§ What needs to be done: Starting at the line that contains "1993~2023년 동안 전지구" and stopping at the line that contains "Кофейные оттенки в", restate each line of the records below exactly. Omit the pictures.

Recorded information below:

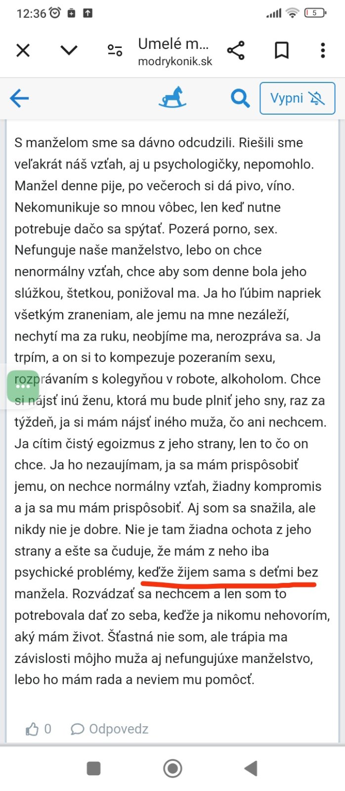 Ale uz nebudem s tebou komunikovat, pises na mna ako keby som ja bola ten jej manzel a este mi tu podciarkuj vety, ako keby islo o slovickarcenie, ze som nieco prehliadla, ked som to narychlo citala. Asi sa velmi nudis. Pointa je ina a inde. Pekny den
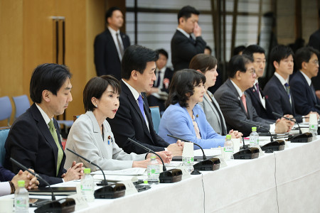 政府は10日、首相官邸で「強い経済」の実現を目指す「日本成長戦略会議」(議長・高市早苗首相)の初会合を開いた。写真は発言する高市首相(左から2人目)。左端は城内実日本成長戦略担当相。 【時事通信社】
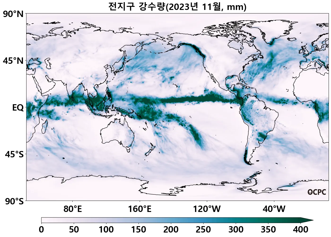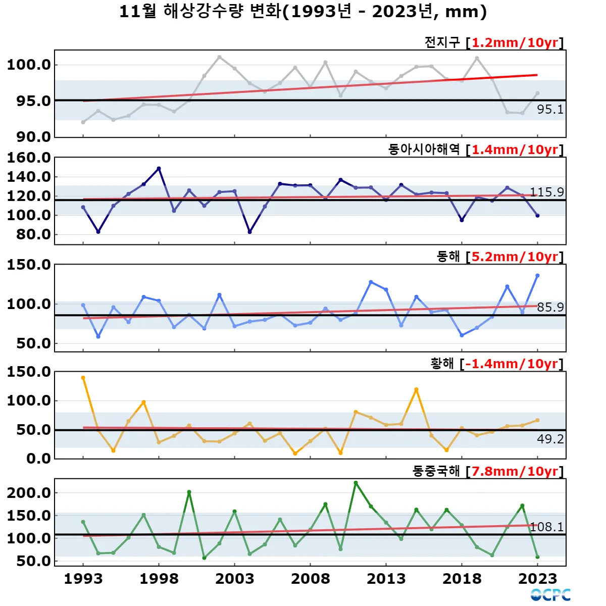 1993~2023년 동안 전지구 11월 해상강수량은 10년에 1.2mm, 동아시아해역은 10년에 1.4mm 증가하는 추세입니다.
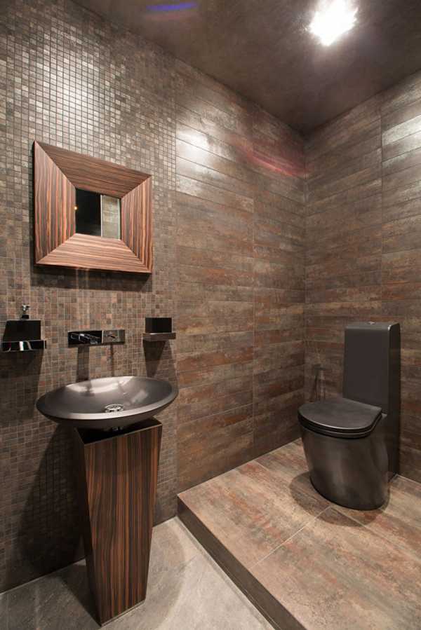 Кофейные оттенки в дизайне туалета всегда выглядят стильно и дорого. Главное – не переборщить. Коричневые цвета отлично смотрятся в сочетании с металлическими и деревянными элементами декора, а также с белоснежной сантехникой, которая визуально будет казаться еще белее. Гармоничное сочетание контрастов создаст особенный стиль интерьера санузла.
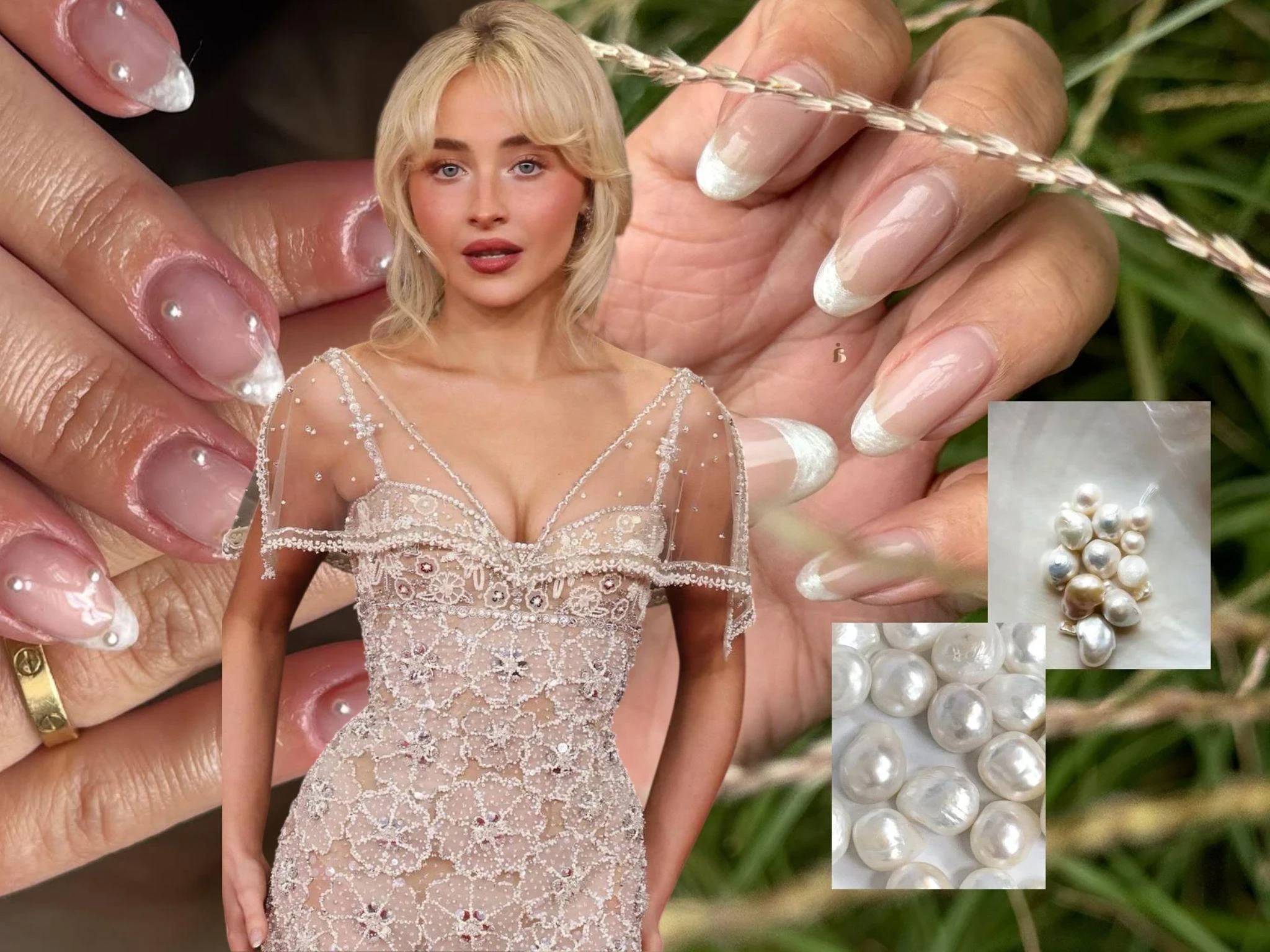 Этот дизайн впервые привлек внимание на церемонии «Грэмми», когда певица Сабрина Карпентер появилась с жемчужными кончиками на ногтях, идеально дополнив сверкающее телесное платье Valentino. Автор идеи — звездный мастер Зола Ганзорайт — создала тонкие перламутровые полоски, которые придали образу певицы утонченность и легкость. Даже если Сабрина ушла с премии без статуэтки, ее бьюти-образ стал настоящей победой среди трендов сезона.
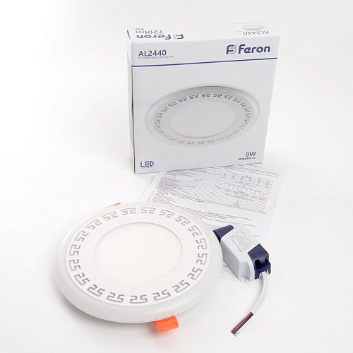 Характеристики Светодиодный светильник Feron AL2440 встраиваемый 9W 4000K с синей подсветкой, белый
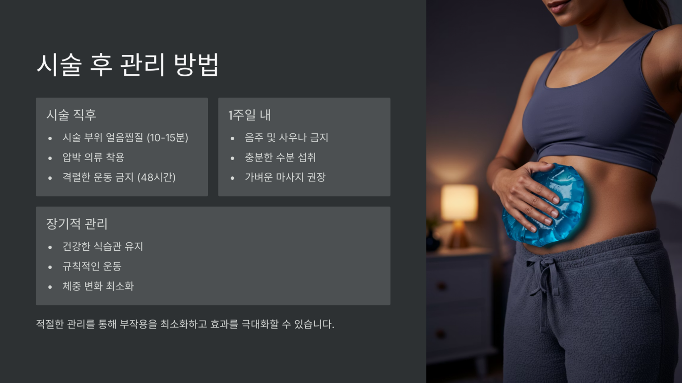 시술 부위가 아직 안정화되지 않았을 수 있으므로, 꽉 끼는 속옷이나 강한 마사지는 피하는 것이 좋습니다. - 적절한 냉찜질
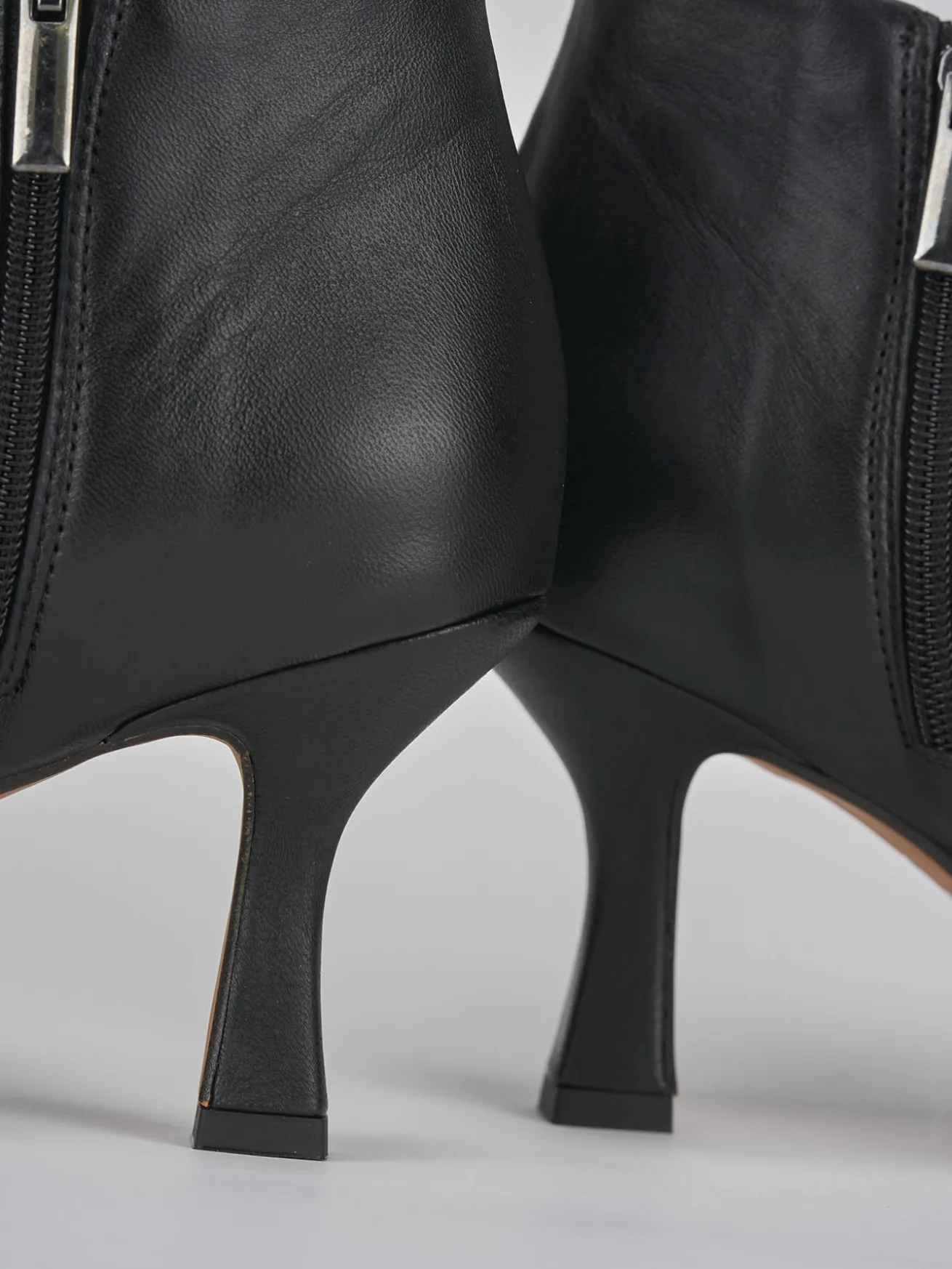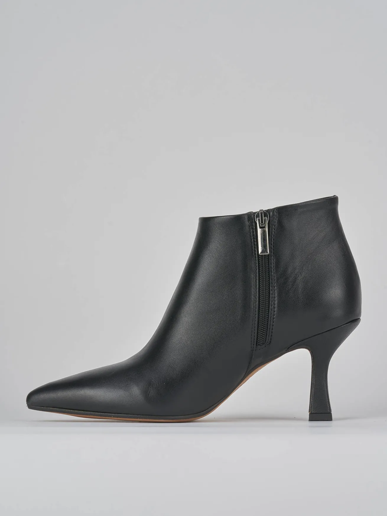 Stivaletto tacco 7 cm fondo in gomma e soletto interno in vera pelle. Tomaia in morbida pelle di ottima qualità, punta sfilata, cerniera laterale e tacco a rocchetto per un look di classe.
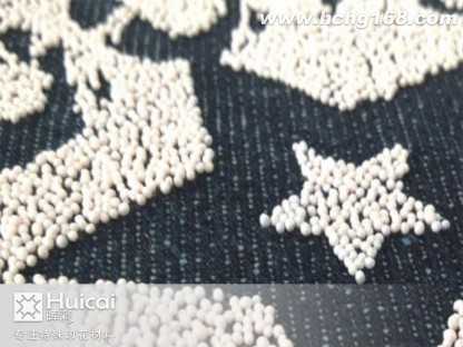 先印辉彩印花材料的HC-800粘珠浆一次吹干打底,然后再印第二次时以胶珠的大小来确定印粘珠浆的厚度,或是印第三次粘珠浆以便留有足够的粘珠浆
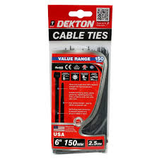 This pack of 150 Dekton black cable ties measures 2.5mm in width and 150mm in length, offering a dependable solution for cable management. Crafted for strength and flexibility, these ties securely bundle wires and cables, ensuring organized and safe installations. Their durable construction resists wear and environmental factors, making them suitable for both indoor and outdoor use. Perfect for professional electricians and technicians, these cable ties provide efficient, long-lasting performance in various applications.

End of Recorded information.

§ Exercise response:
 1993~2023년 동안 전지구 11월 해상강수량은 10년에 1.2mm, 동아시아해역은 10년에 1.4mm 증가하는 추세입니다.
 Кофейные оттенки в дизайне туалета всегда выглядят стильно и дорого. Главное – не переборщить. Коричневые цвета отлично смотрятся в сочетании с металлическими и деревянными элементами декора, а также с белоснежной сантехникой, которая визуально будет казаться еще белее. Гармоничное сочетание контрастов создаст особенный стиль интерьера санузла.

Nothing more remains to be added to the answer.